For flaky #1, log shows:
2024-09-10 04:35:{*}14,227{*} [ks1-StreamThread-1] Informed to shut down
2024-09-10 04:35:{*}19,349{*} [ks1-StreamThread-1] Shutdown completed
-> It took 5.022 secs
-> the retry test took 2.429 secs
-> My local env took 0.2 secs

For the failed flaky test #2,
Below is the time flow of the second flaky test:
time 1: ks-1 (Assigned 0_0, 0_1, 0_2, 0_3, 0_4)
time 2: ks-1 (0_4 restore started)
time 3: ks-1 (0_2 restore started)
time 4: ks-1 (0_0 restore started)
time 5: ks-2 (After rebalancing, assigned 0_1, 0_3), those test haven't started 
on ks-1
time 6: ks-2 (0_1 restore started)
time 7: ks-2 (0_3 restore started)

In this case: 
`kafkaStreams1StateRestoreListener.awaitUntilRestorationSuspends()` will never 
be true since no "Suspended from RUNNING" for task 0_1 and 0_3 in ks-1.
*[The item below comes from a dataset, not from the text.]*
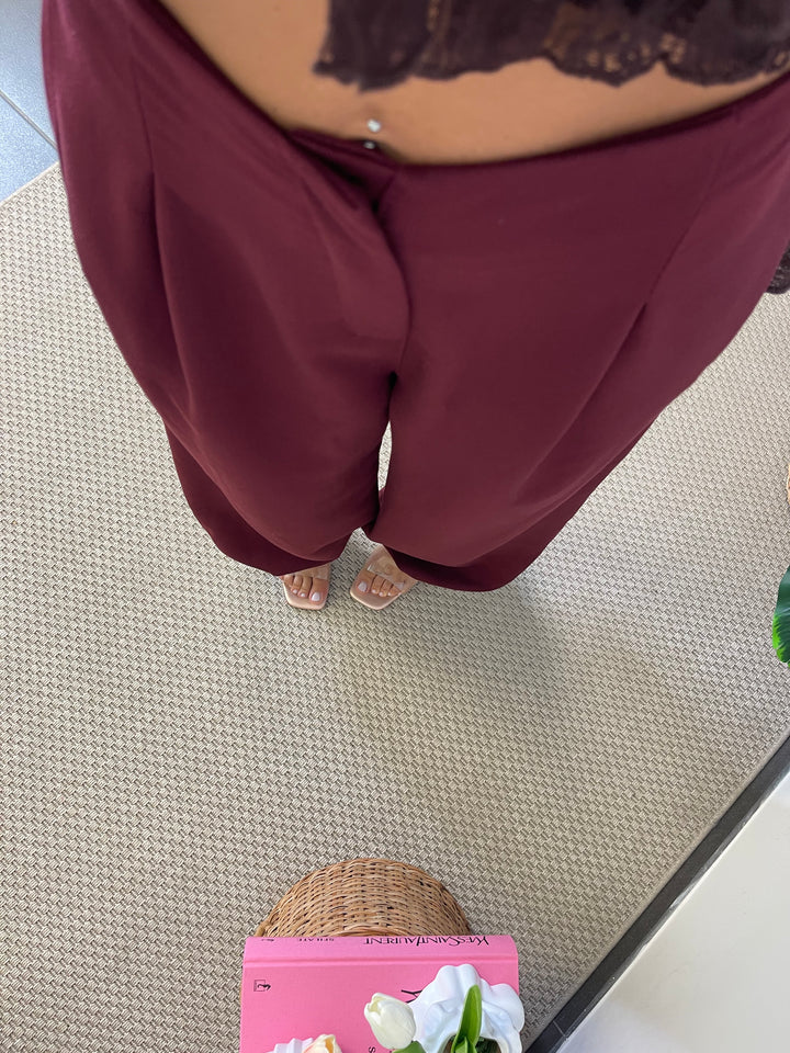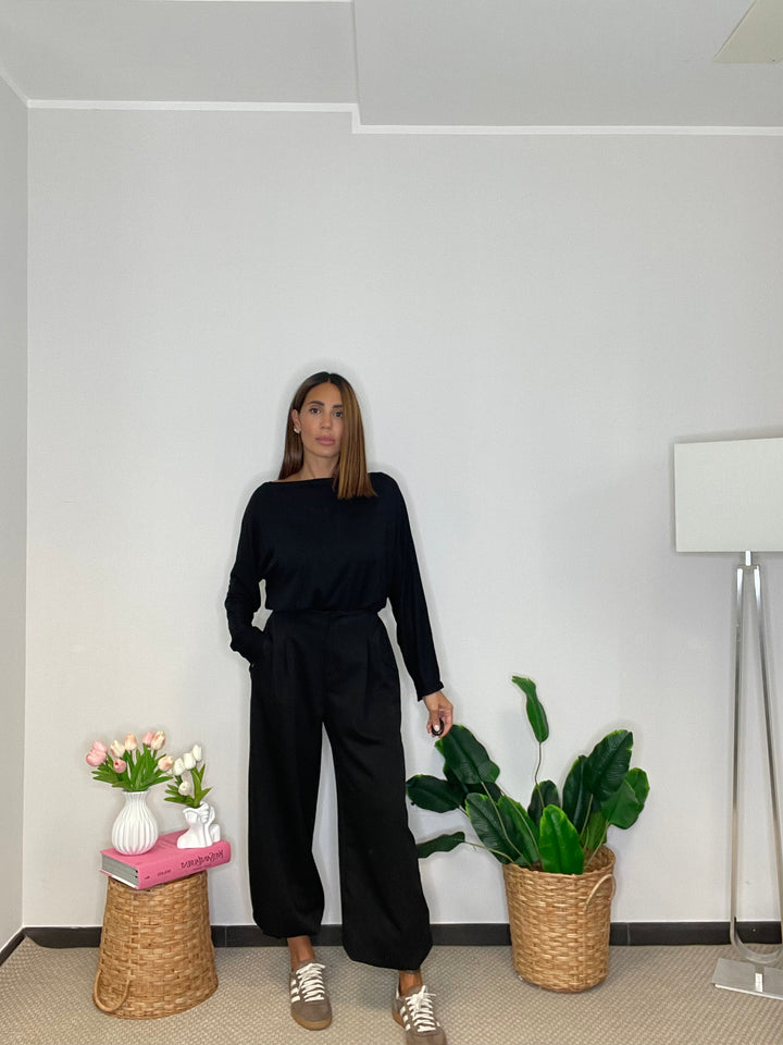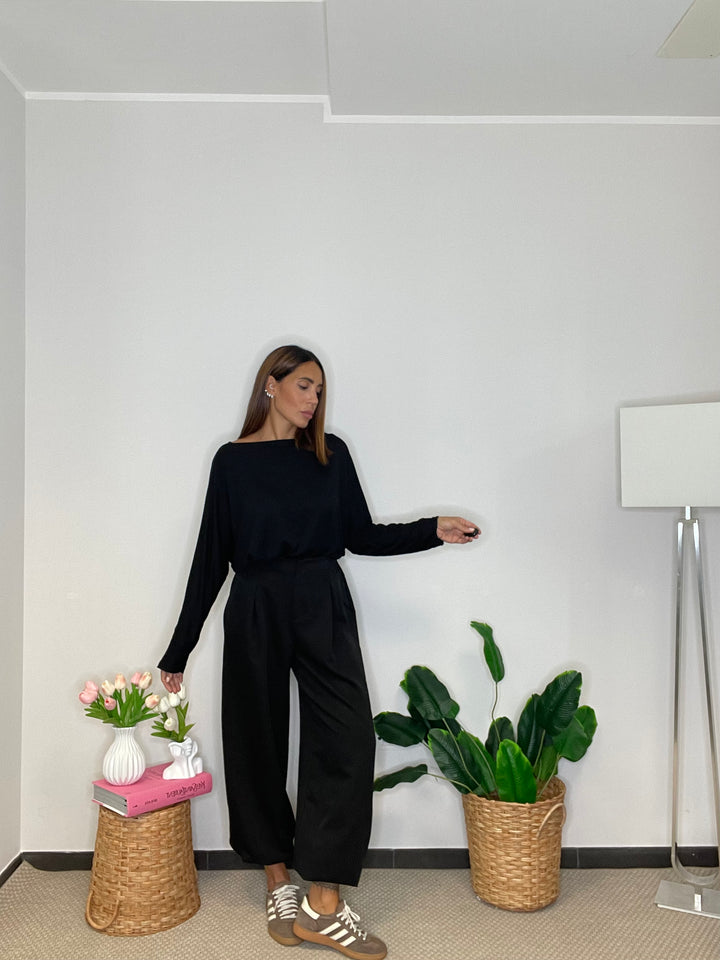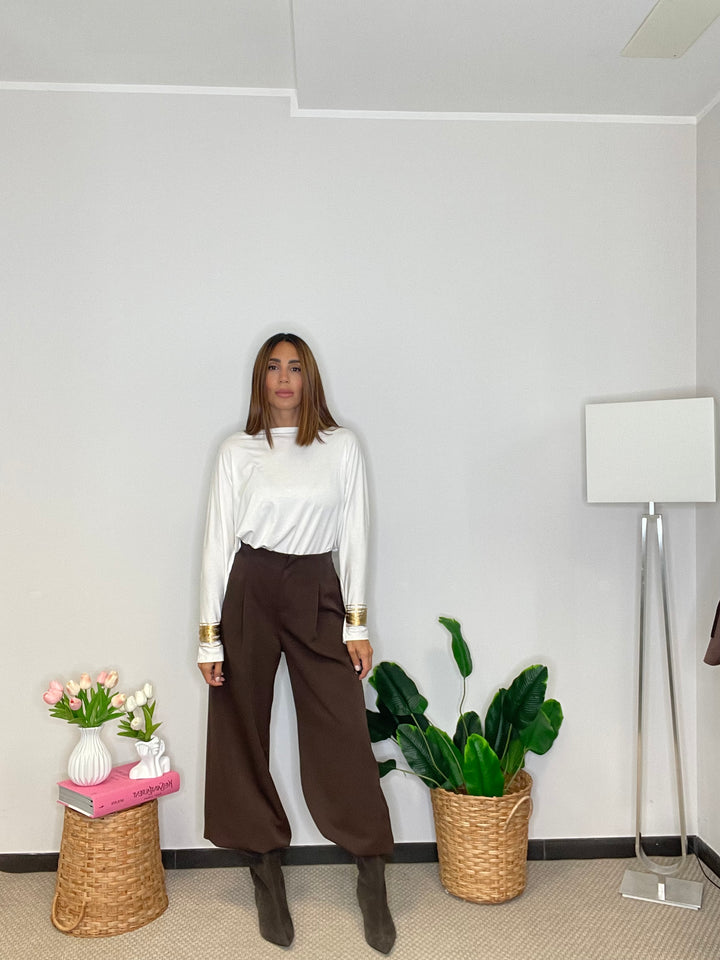 Pantalone a gamba larga con elastico sul retro e in fondo alla caviglia.

The log of sucessful run in flaky #2

time 1: ks-1 (Assigned 0_0, 0_1, 0_2, 0_3, 0_4)
time 2: ks-1 (0_1 restore started)
time 3: ks-1 (0_3 restore started)
time 4: ks-1 (0_4 restore started)
time 5: ks-1 (0_2 restore started)
time 6: ks-1 (0_0 restore started)
time 7: ks-2 (After rebalancing, assigned 0_0, 0_2, 0_4)
time 8: ks-1 (task 0_4 suspended from RESTORING) 
time 9: ks-1 (task 0_2 suspended from RESTORING)
time 10: ks-1 (task 0_0 suspended from RESTORING)
time 11: ks-2 (0_4 restore started)
time 12: ks-2 (0_2 restore started)
time 13: ks-2 (0_0 restore started)

kafkaStreams1StateRestoreListener.awaitUntilRestorationSuspends() passed at 
time 8. 
kafkaStreams2StateRestoreListener.awaitUntilRestorationStarts() passed at time 
11.
 
[~chia7712] If you're not workign on this, I could submit a PR to fix the known 
issue.


was (Author: yu-lin chen):
I found two issues in the flaky tests:
 # The local state is purged after kafkaStreams.close() timeout (Current 
timeout = 5 sec). This is the root cause of the [flaky 
test|https://ge.apache.org/s/havqcr7zu2tbk/tests/task/:streams:test/details/org.apache.kafka.streams.integration.RestoreIntegrationTest/shouldInvokeUserDefinedGlobalStateRestoreListener()?expanded-stacktrace=WyIwIl0&page=eyJvdXRwdXQiOnsiMCI6MSwiMSI6Mn19&top-execution=1]
 that occured on Sep 10 2024 16:55:51 CST.
 # Some partition tasks assigned to first kafkaStream(ks-1), are reassigned to 
second KafkaStream(ks-2) after rebalancing. However, the reassigned tasks are 
not started, so it’s won’t enter the suspend state. This is the root cause of 
the [flak 
test|https://ge.apache.org/s/hdpapdbvngcts/tests/task/:streams:test/details/org.apache.kafka.streams.integration.RestoreIntegrationTest/shouldInvokeUserDefinedGlobalStateRestoreListener()?top-execution=1]
 that occured on Sep 10 2024 11:44:34 CST.

 
Analysis resutl from flaky logs: (TL;DR; )

For flaky #1, it take 
2024-09-10 04:35:14,227 [ks1-StreamThread-1] Informed to shut down
2024-09-10 04:35:19,349 [ks1-StreamThread-1] Shutdown completed
-> It took 5.022 secs
-> the retry test took 2.429 secs
-> My local env took 0.2 secs

For the failed flaky test #2,
Below is the time flow of the second flaky test:
time 1: ks-1 (Assigned 0_0, 0_1, 0_2, 0_3, 0_4)
time 2: ks-1 (0_4 restore started)
time 3: ks-1 (0_2 restore started)
time 4: ks-1 (0_0 restore started)
time 5: ks-2 (After rebalancing, assigned 0_1, 0_3), those test haven't started 
on ks-1
time 6: ks-2 (0_1 restore started)
time 7: ks-2 (0_3 restore started)

In this case: 
`kafkaStreams1StateRestoreListener.awaitUntilRestorationSuspends()` will never 
be true since no "Suspended from RUNNING" for task 0_1 and 0_3 in ks-1.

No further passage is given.